Tuesday, June 19, 2007

Adjustments, Pomp, and Circumstance

Of course, now that Mike and I are leaving tomorrow my body finally feels 100% adjusted. Digestively I've never felt better, I've gotten used to the heat, I'm on a pretty regular sleeping schedule, my mind has gotten itself around to really taking in everything that's around me, and I'm picking up Hindi faster and faster (Get up, sit down, 10, 20, 50, how much, tissue). I feel like I could settle in for a long haul. I'm feeling happy and sad to leave, of course. I'm looking forward to: a big greasy cheesesteak, a ham and mustard sandwich, ice cubes, orderly traffic, a pedicure, and a good workout. I'm not looking forward to: well, everything else; work, responsibility, reality. I'll write a few posts once I'm back in the states, so you can all read about the reverse culture shock that I know is going to hit me hard.

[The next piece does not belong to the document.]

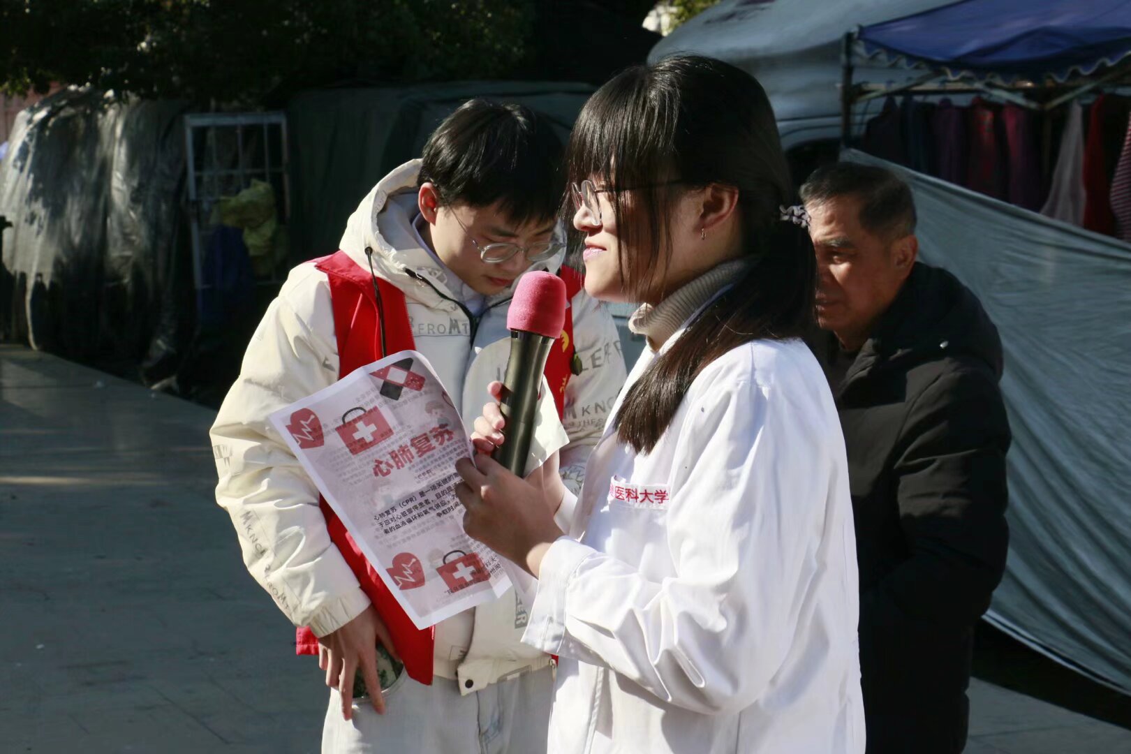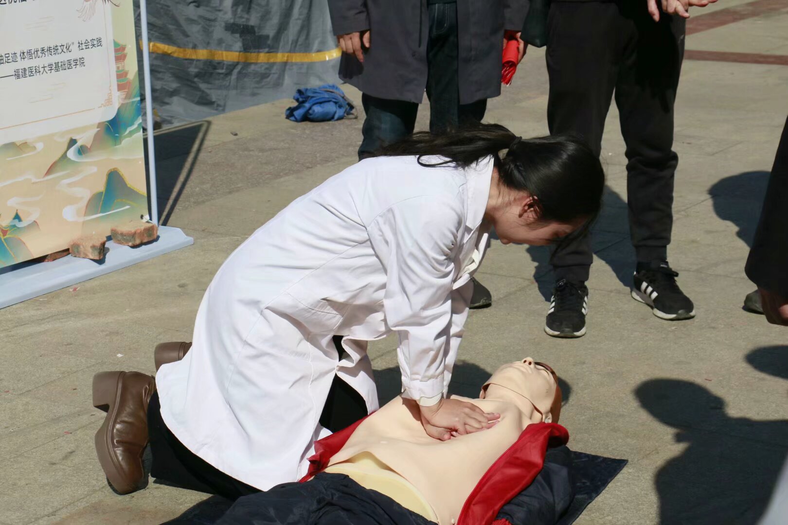 活动中,实践队队员柯宇彤以贴近村民生活的视角,针对日常生活中频发的肚子痛问题,进行了生动详尽的科普讲解,深入浅出地引导村民们认识腹痛的多样成因及科学应对之策。紧接着,实践队成员与指导老师携手,给当地村民和福建水利电力职业技术学院的老师们现场演示了心肺复苏术,细致入微地讲解了实施心肺复苏的关键注意事项及标准操作流程,强调了急救技能在关键时刻的重要性。此外,实践队还精心安排了急救包扎知识的讲解,让村民掌握简单的应急处理措施。

Yesterday we took a 6ish hour train ride to Amritsar and then a car ride to the town of Attari, on the border of India and Pakistan. We came here specifically to see the changing of the guards ceremony. We waited with the crowd for a bit and when someone blew a whistle there was, of course, chaos and a mad disorderly rush to climb up the stairs to the bleachers. We got our seats and baked in the scorching sun for about 30 minutes and people kept pouring in and packing the stands. There was an MC, dressed in jeans and a button down, who seemed to run the show, I'm not sure who he was. One soldier blew a trumpet, one soldier said something into the microphone which sounded to me like "Go" except he held out the "o" for about a full minute to which the audience applauded. Then soldiers chose people from the audience to run carrying the India flag up the the gated border and back. Then there was some call and response cheering of the crowd. My impression was that once the crowd on the Pakistan side got loud, our job was to out-cheer them. So we did this call and response about 15 seperate times. At one point a spontaneous all-male dance party broke out on the road below, men and boys with their arms in the air, twisting imaginary light bulbs. I guess we won the cheer-off, because G told us that the MC said, "The victory ceremony is over". Hindustan!

That night just after dusk we arrived at the Golden Temple in Amritsar, which is absolutely worth any trek that one needs to take in order to see it. This is the holiest Sikh site in the world. We took our shoes off at the gate, Mike and G got bandanas for their heads and I wore Praerna's dupatta on mine. To walk through the marble gate you first step through small pools of water. From the entrance way, all through the inside, Sikhs were bowing and touching their heads to the ground in prayer. The marble gate goes in a rectangular shape all around the periphery of a glistening pool of holy water, in the center of which is this sparkling island of the Golden Temple. We walked around the marble, watching the people young and old praying, sitting by the water, admiring the site. On the left side families were getting undressed so they could immerse in the water. We went inside the temple, covered in gold, marble, and beautiful mosaics, one Sikh sitting in the center in front of a massive holy book, and 3 Sikhs to his right, one playing the tablas, one the accordion, and one chanting prayers. This music never stops. It filled the night, along with the play of the light of the temple off the water, the whispers of voices, and the soft sounds of anklet bells. The sky was totally dark, except for a sliver of a crescent moon next to one, solitary bright star. I never would have imagined a night like that, so far from everything familiar to me. A dream I'll never forget.

1 comment:

Anonymous said...

the solitary bright star was venus. at least, if you see the same thing there that we see here. im not so good with the astronomies.